GOAL OF THE EXERCISE: Reproduce exactly the lines of this material that begin at the line with "Con lo step" and end at the line with "Variant DetailsVariant: essv6693108|", both included. Omit the pictures and everything else.

INPUT FOR THIS TASK:
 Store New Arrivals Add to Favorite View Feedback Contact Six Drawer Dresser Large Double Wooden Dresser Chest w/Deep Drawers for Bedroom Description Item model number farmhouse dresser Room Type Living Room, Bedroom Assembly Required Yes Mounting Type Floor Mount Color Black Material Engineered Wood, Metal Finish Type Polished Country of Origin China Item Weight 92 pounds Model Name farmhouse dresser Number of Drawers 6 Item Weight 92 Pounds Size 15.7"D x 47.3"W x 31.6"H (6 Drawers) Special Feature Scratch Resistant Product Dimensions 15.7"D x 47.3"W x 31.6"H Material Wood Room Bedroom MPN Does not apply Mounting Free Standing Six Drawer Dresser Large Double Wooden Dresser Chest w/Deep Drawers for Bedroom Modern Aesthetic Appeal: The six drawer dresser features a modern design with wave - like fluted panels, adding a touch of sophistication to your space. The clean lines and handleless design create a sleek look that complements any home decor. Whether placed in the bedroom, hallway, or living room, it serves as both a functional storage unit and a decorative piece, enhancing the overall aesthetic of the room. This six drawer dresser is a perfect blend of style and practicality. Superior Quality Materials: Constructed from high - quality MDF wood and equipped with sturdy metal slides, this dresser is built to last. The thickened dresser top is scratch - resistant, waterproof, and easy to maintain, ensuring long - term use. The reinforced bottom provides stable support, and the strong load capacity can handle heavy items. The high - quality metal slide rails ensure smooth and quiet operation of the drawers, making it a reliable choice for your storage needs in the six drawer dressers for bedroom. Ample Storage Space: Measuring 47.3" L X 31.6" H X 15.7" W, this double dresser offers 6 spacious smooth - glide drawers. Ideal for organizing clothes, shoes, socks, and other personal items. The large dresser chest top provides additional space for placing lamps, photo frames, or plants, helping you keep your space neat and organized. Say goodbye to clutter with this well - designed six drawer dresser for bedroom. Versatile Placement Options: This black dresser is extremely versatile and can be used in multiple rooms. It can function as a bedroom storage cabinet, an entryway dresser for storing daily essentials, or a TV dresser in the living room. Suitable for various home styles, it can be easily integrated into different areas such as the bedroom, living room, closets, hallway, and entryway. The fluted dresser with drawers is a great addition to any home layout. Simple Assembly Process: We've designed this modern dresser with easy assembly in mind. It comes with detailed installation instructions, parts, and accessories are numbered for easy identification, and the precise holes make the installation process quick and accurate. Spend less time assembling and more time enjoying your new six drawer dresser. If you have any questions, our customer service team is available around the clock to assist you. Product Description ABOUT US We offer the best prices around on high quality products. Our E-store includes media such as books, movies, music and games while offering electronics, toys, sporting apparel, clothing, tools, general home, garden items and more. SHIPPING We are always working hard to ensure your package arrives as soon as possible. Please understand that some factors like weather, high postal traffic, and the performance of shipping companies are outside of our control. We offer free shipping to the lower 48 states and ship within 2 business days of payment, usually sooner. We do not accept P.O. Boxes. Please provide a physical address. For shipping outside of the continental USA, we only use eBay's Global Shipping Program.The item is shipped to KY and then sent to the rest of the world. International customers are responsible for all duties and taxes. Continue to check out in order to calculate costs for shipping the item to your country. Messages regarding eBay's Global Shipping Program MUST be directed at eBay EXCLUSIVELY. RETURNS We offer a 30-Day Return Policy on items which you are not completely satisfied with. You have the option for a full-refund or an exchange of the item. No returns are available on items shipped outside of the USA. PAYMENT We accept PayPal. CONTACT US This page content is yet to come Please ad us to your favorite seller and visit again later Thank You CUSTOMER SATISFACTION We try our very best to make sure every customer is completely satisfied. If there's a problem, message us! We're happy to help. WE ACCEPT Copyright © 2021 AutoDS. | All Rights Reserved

--

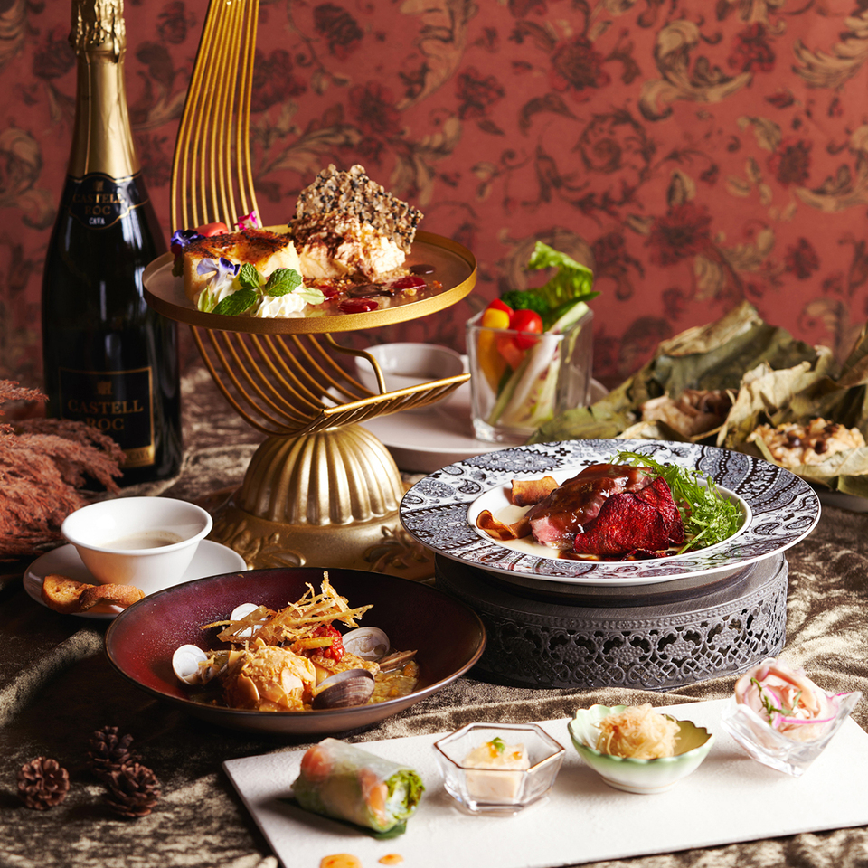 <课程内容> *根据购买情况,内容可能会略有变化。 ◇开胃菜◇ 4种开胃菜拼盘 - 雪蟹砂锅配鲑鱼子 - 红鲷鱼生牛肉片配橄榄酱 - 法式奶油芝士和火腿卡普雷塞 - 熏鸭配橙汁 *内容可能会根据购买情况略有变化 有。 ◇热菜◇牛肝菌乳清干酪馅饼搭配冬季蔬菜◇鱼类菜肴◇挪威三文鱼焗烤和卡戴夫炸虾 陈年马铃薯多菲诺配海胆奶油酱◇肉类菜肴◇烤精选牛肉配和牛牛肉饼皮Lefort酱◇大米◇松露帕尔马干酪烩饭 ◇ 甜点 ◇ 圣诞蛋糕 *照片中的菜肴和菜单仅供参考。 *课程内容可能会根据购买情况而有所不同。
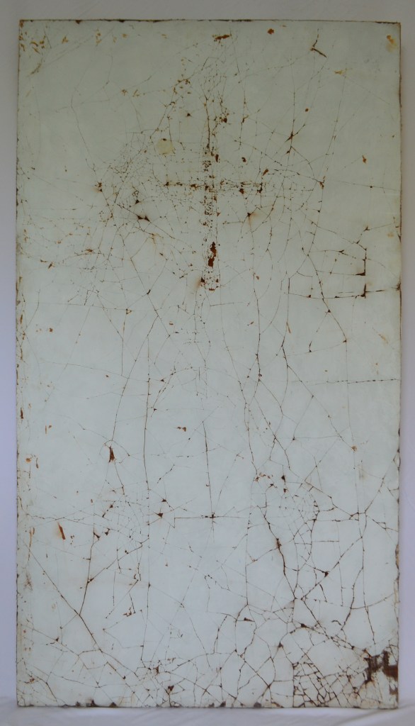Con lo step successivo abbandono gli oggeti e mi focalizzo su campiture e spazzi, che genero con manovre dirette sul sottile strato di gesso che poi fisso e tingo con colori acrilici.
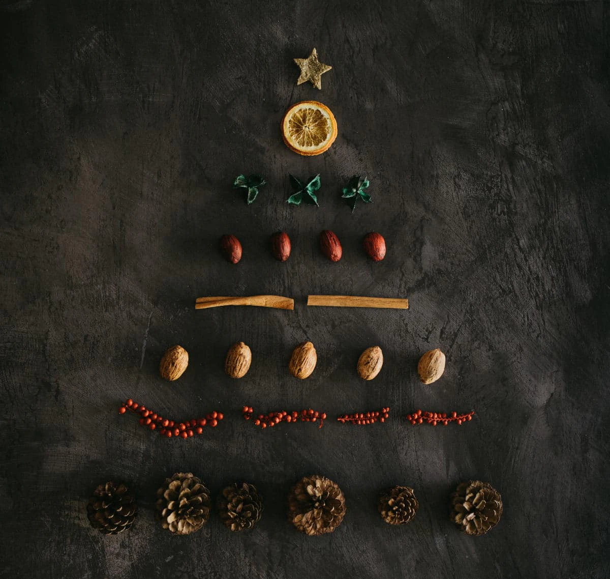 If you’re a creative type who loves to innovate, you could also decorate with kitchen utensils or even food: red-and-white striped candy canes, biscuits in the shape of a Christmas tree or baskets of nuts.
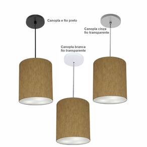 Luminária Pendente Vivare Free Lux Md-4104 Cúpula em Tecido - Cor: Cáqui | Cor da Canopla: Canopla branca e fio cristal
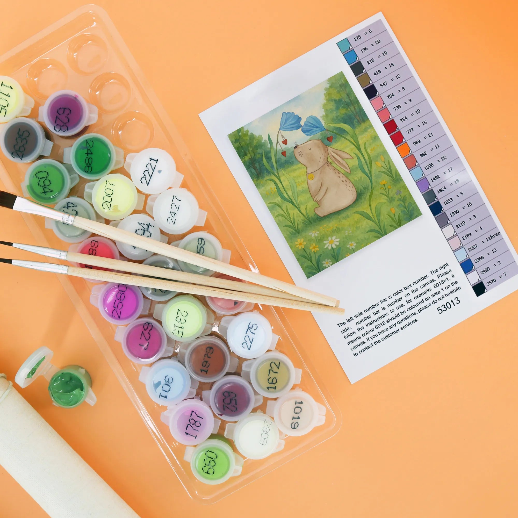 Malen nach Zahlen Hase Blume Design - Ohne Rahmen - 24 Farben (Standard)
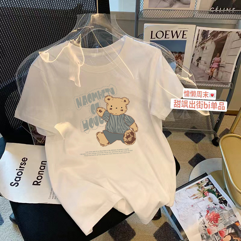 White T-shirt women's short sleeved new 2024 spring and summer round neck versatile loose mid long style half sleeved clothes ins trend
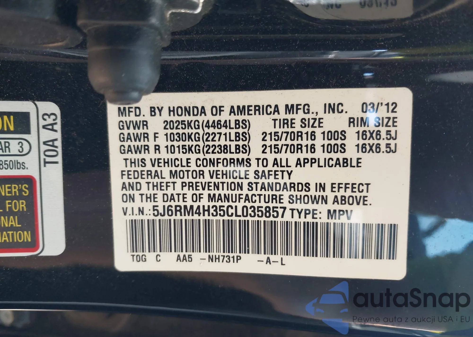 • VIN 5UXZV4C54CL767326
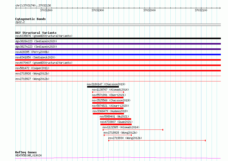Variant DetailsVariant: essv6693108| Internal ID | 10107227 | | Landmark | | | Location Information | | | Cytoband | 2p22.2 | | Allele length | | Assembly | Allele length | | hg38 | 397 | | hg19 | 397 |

TASK OUTPUT:
Con lo step successivo abbandono gli oggeti e mi focalizzo su campiture e spazzi, che genero con manovre dirette sul sottile strato di gesso che poi fisso e tingo con colori acrilici.
 If you’re a creative type who loves to innovate, you could also decorate with kitchen utensils or even food: red-and-white striped candy canes, biscuits in the shape of a Christmas tree or baskets of nuts.
 Luminária Pendente Vivare Free Lux Md-4104 Cúpula em Tecido - Cor: Cáqui | Cor da Canopla: Canopla branca e fio cristal
 Malen nach Zahlen Hase Blume Design - Ohne Rahmen - 24 Farben (Standard)
 White T-shirt women's short sleeved new 2024 spring and summer round neck versatile loose mid long style half sleeved clothes ins trend
 • VIN 5UXZV4C54CL767326
Variant DetailsVariant: essv6693108| Internal ID | 10107227 | | Landmark | | | Location Information | | | Cytoband | 2p22.2 | | Allele length | | Assembly | Allele length | | hg38 | 397 | | hg19 | 397 |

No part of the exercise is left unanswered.